_Information supplied_
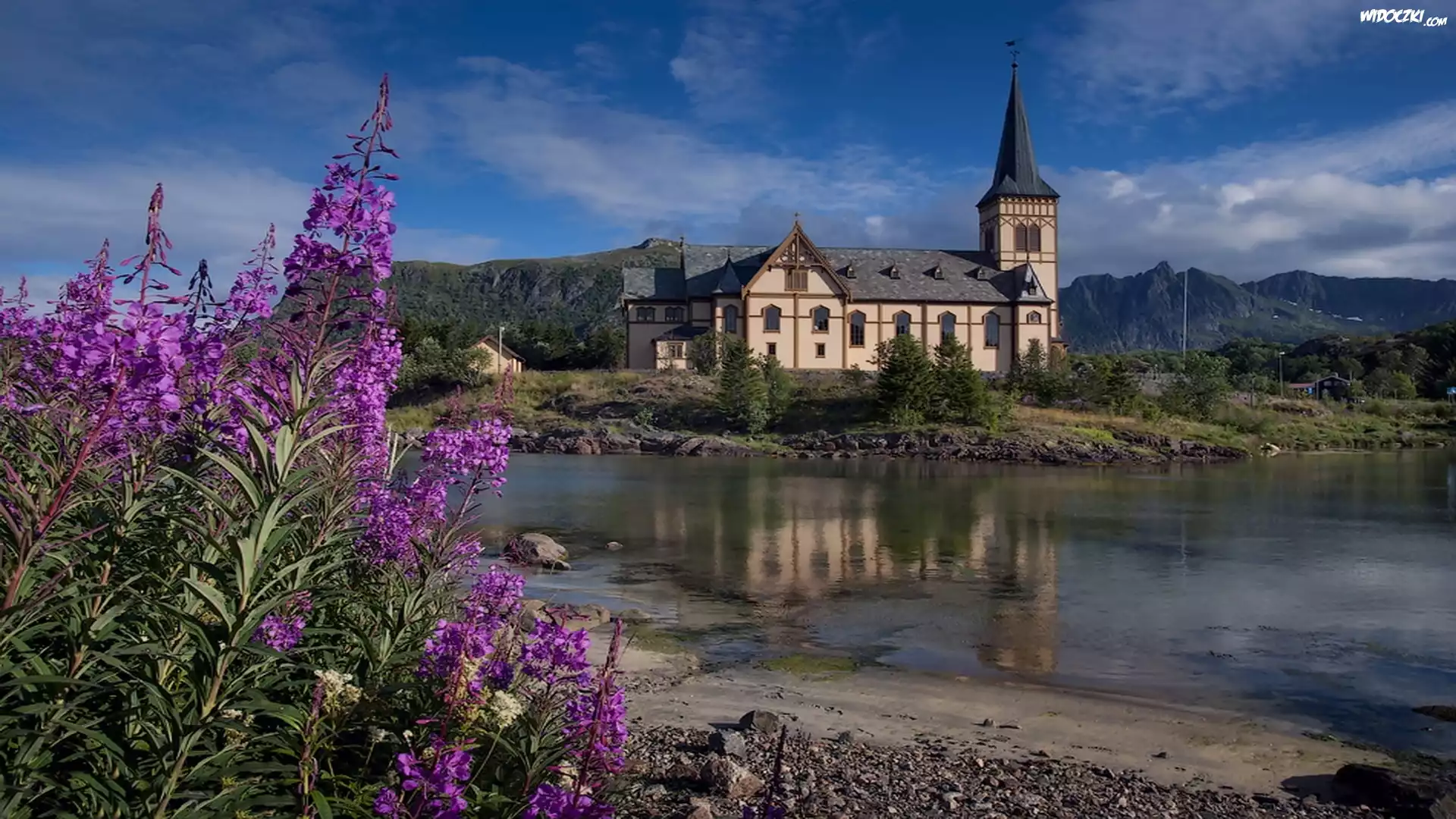 Zdjęcia, Norwegia, Rzeka, Budynek, Purpurowe, Kwiaty, Góry
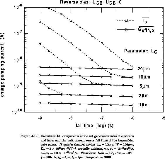 In the standard charge-pumping theory which is considered in the preceding section, it is regularly adopted that the free minority and majority carriers behave quasi-statically in MOSFETs. The only transient effects occur due to the generation and recombination through the interface and bulk traps. It has been proposed, already at the time of discovering the charge-pumping effect, that the charge-pumping current can also originates due to a finite time for removing the minority carriers out of the channel during the MOSFET turn-off, in addition to the current due to the transient generation-recombination over the traps [43]. As the time for the removing of the minorities is found to be strongly dependent on the geometry of MOSFETs, this current component is called ``geometric component'' [43]. In the measurements of trap properties, this current represents a parasitic effect. The primary interest was always to suppress it, either by using devices with a sufficiently short channel, by avoiding the application of very steep gate pulses or by biasing the source and drain junctions reversely [154][117]. A detailed study of the geometric component in the charge-pumping current is still missing. Recently, a very sensitive technique has been proposed to measure the geometric component also in the cases when the generation-recombination component largely dominates in the charge-pumping current [98].
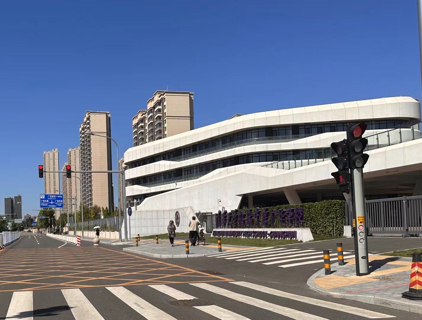 新学期伊始,清华大学附属中学广华学校的家长就发现孩子上下学迎来了一个问题:学校在本学期开放南门、关闭北门。由于广华新城开发项目尚未建设完毕,学校南门外的广信南街道路交通设施不健全,导致在上下学期间接送孩子的车辆乱停,校门口堵成了一锅粥。

_Instructions to follow_
Restate the material word for word; no picture should appear in the copy.

_Task response_
 Zdjęcia, Norwegia, Rzeka, Budynek, Purpurowe, Kwiaty, Góry
 In the standard charge-pumping theory which is considered in the preceding section, it is regularly adopted that the free minority and majority carriers behave quasi-statically in MOSFETs. The only transient effects occur due to the generation and recombination through the interface and bulk traps. It has been proposed, already at the time of discovering the charge-pumping effect, that the charge-pumping current can also originates due to a finite time for removing the minority carriers out of the channel during the MOSFET turn-off, in addition to the current due to the transient generation-recombination over the traps [43]. As the time for the removing of the minorities is found to be strongly dependent on the geometry of MOSFETs, this current component is called ``geometric component'' [43]. In the measurements of trap properties, this current represents a parasitic effect. The primary interest was always to suppress it, either by using devices with a sufficiently short channel, by avoiding the application of very steep gate pulses or by biasing the source and drain junctions reversely [154][117]. A detailed study of the geometric component in the charge-pumping current is still missing. Recently, a very sensitive technique has been proposed to measure the geometric component also in the cases when the generation-recombination component largely dominates in the charge-pumping current [98].
 新学期伊始,清华大学附属中学广华学校的家长就发现孩子上下学迎来了一个问题:学校在本学期开放南门、关闭北门。由于广华新城开发项目尚未建设完毕,学校南门外的广信南街道路交通设施不健全,导致在上下学期间接送孩子的车辆乱停,校门口堵成了一锅粥。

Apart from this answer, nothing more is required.